Clustering is an important task of pattern recognition and machine learning, which divides objects into different clusters based on the similarity between patterns . Hard clustering and fuzzy clustering methods have been used in many fields by their universality [15–17], but the clustering methods based on a single view ignore the information from multiple views . Compared with the single-view clustering method, the clustering method based on multiple views explores the complementary information of each view, which can improve the accuracy of the clustering result [19, 20]. Recently, multiview clustering has become a popular research topic [21, 22]. A collaborative multiview clustering method is proposed in  to overcome disagreement between the views, the different properties, and scales of views. The weights that represent the importance of views and features are proposed in ; an objective function is designed to express the heterogeneity of different views and the consistency across views during iterations. Jiang et al.  proposed the multiview FCM clustering algorithm with views and feature weights based on collaborative learning; this method can exclude irrelevant components in the clustering procedure, which increases the precision of the clustering results. In addition, multiview spectral clustering methods have been studied recently. The spectral clustering algorithms consist of two steps as follows: learning the similarity graphs from instances and obtaining the clustering result based on spectral clustering. Tang et al.  proposed a unified one-step multiview spectral clustering method (UOMvSC). In order to obtain the clustering results, the UOMvSC method combined the multiview embedding matrices and graphs into a unified graph. A joint affinity graph for multiview clustering is proposed in ; the diversity regularization term is designed to learn the different weights of diverse views. Zheng et al.  proposed a novel multiview clustering method that integrates within-view partial graph learning, cross-view partial graph fusion, and cluster structure recovery. However, most of the clustering methods for incomplete patterns are based on single-view, and the clustering results are not accurate enough. In addition, to our knowledge, there is little research on the multiview imputation method, although researchers have proposed numerous methods to improve the accuracy of the estimation.
In this paper, we develop a belief two-level weighted clustering method for incomplete patterns based on multiview fusion (BTC-MV). The main contributions of this work are summarized as follows:(1)Attribute-level weighted imputation strategy for incomplete patterns: In this strategy, the variance of each attribute, which is called attribute weight, is used to reflect the importance. The weighted attribute is used in searching for KNN of the incomplete pattern based on multiple views.(2)View-level weighted fusion strategy based on belief function theory: The view-level weights are obtained by optimizing the new objective function of the clustering method based on multiple views.
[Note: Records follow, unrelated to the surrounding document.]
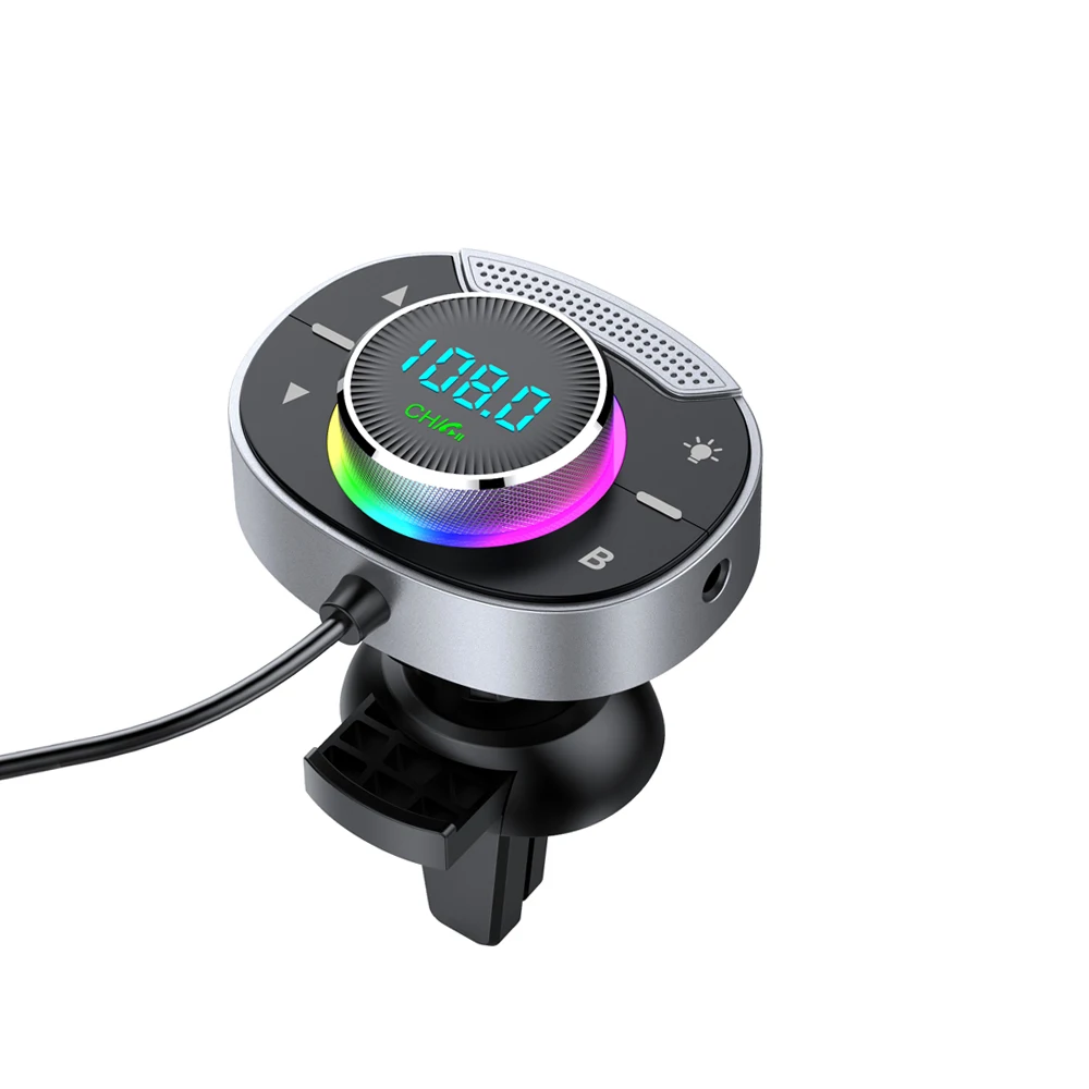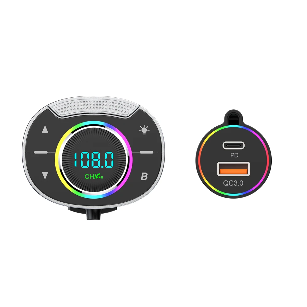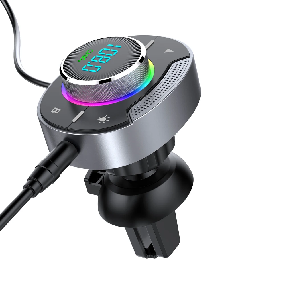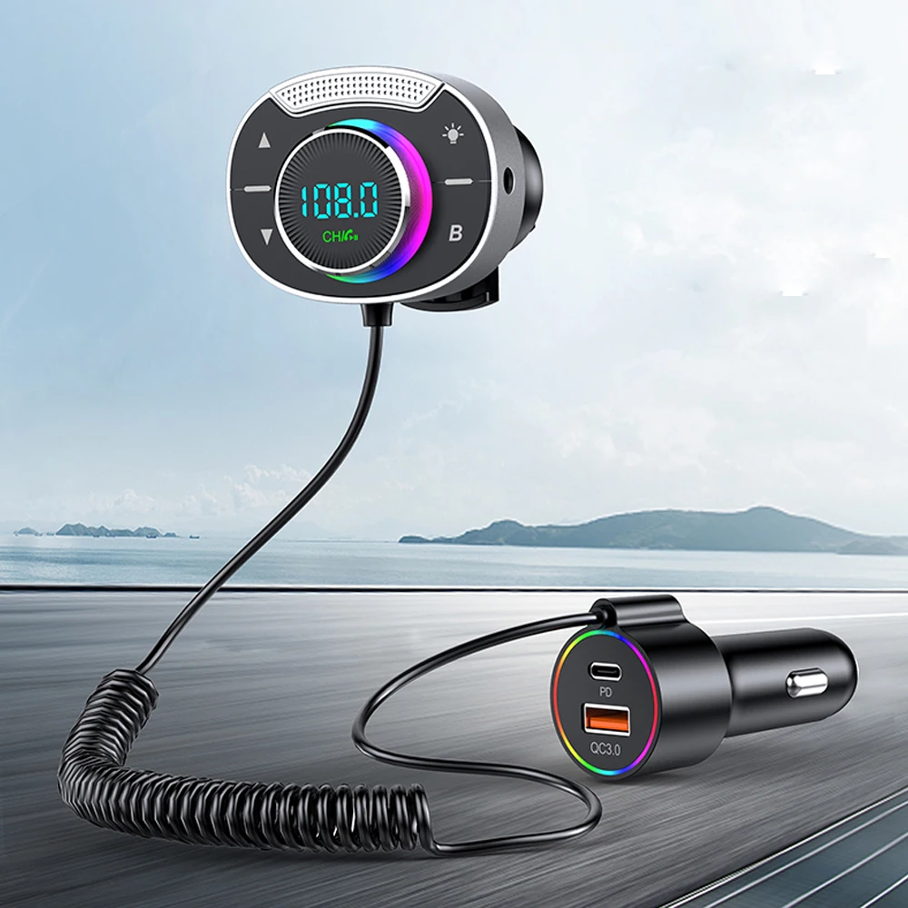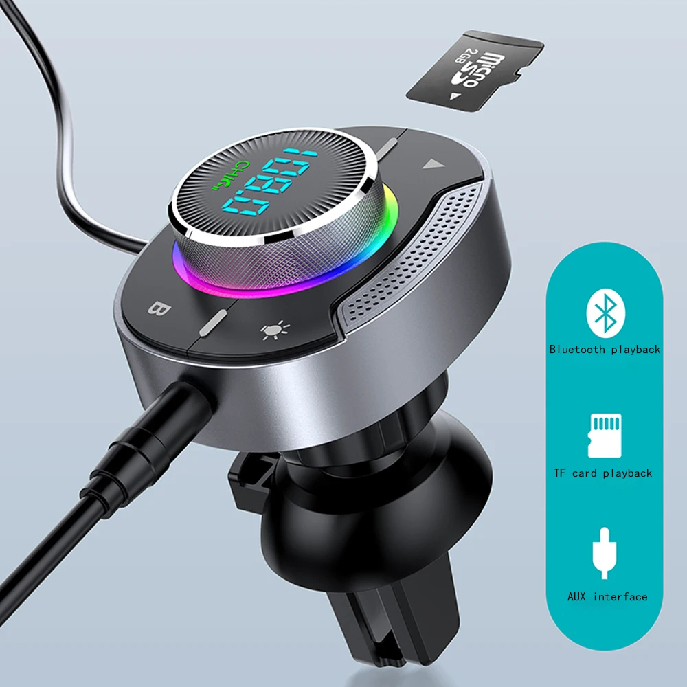 LED Car Bluetooth 5.3 FM Car Transmitter 3.5mm AUX Adapter MP3 Player PD30W QC18W Fast Charger Hands-Free Calls Car Accessories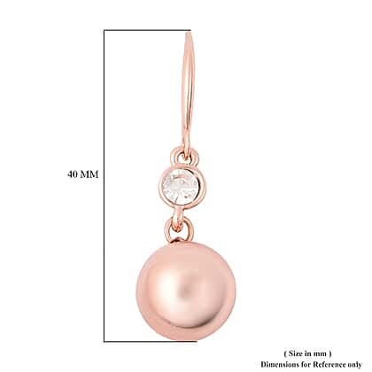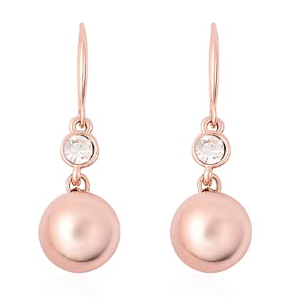 Ball Drop Hook Earrings with White Crystal in Rose Gold Tone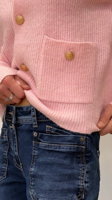 • Sur le devant, le gilet se ferme avec de jolis boutons dorés, véritables détails bijoux qui illuminent la pièce.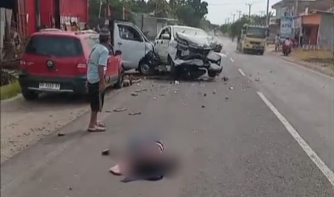 Dari arah berlawanan, sebuah mobil putih melaju kencang dan menabrak sepeda motor mereka hingga terpental. Mobil tersebut kemudian juga menabrak sebuah mobil pikap yang sedang parkir.

They are regarded as the discounted factors in the belief fusion, which represent the importance of the evidence from different view spaces.(3)To the best of our knowledge, the belief two-level weighted clustering method for incomplete patterns based on multiview fusion is proposed for the first time. Compared with other state-of-the-art methods, the BTC-MV method performs better in multiview clustering for incomplete patterns.
The rest of this paper is organized as follows: In Section 2, we introduce related work on missing data classification methods and the basics of belief function theory. The details of the belief clustering method for incomplete patterns based on multiview fusion are shown in Section 3. In Section 4, we compare the BTC-MV method with other state-of-the-art methods on six UCI data sets. Finally, the conclusion is drawn in Section 5.
2. Related Work
2.1. Classification of the Missing Data
According to the missing mechanism, the incomplete pattern can be divided into missing completely at random (MCAR), missing at random (MAR), and missing not at random (MNAR) . Wang et al.  proposed a query algorithm based on the Spark framework to handle query problems with incomplete data sets. The clustering method for incomplete patterns includes the imputation of the missing data and the clustering for data sets.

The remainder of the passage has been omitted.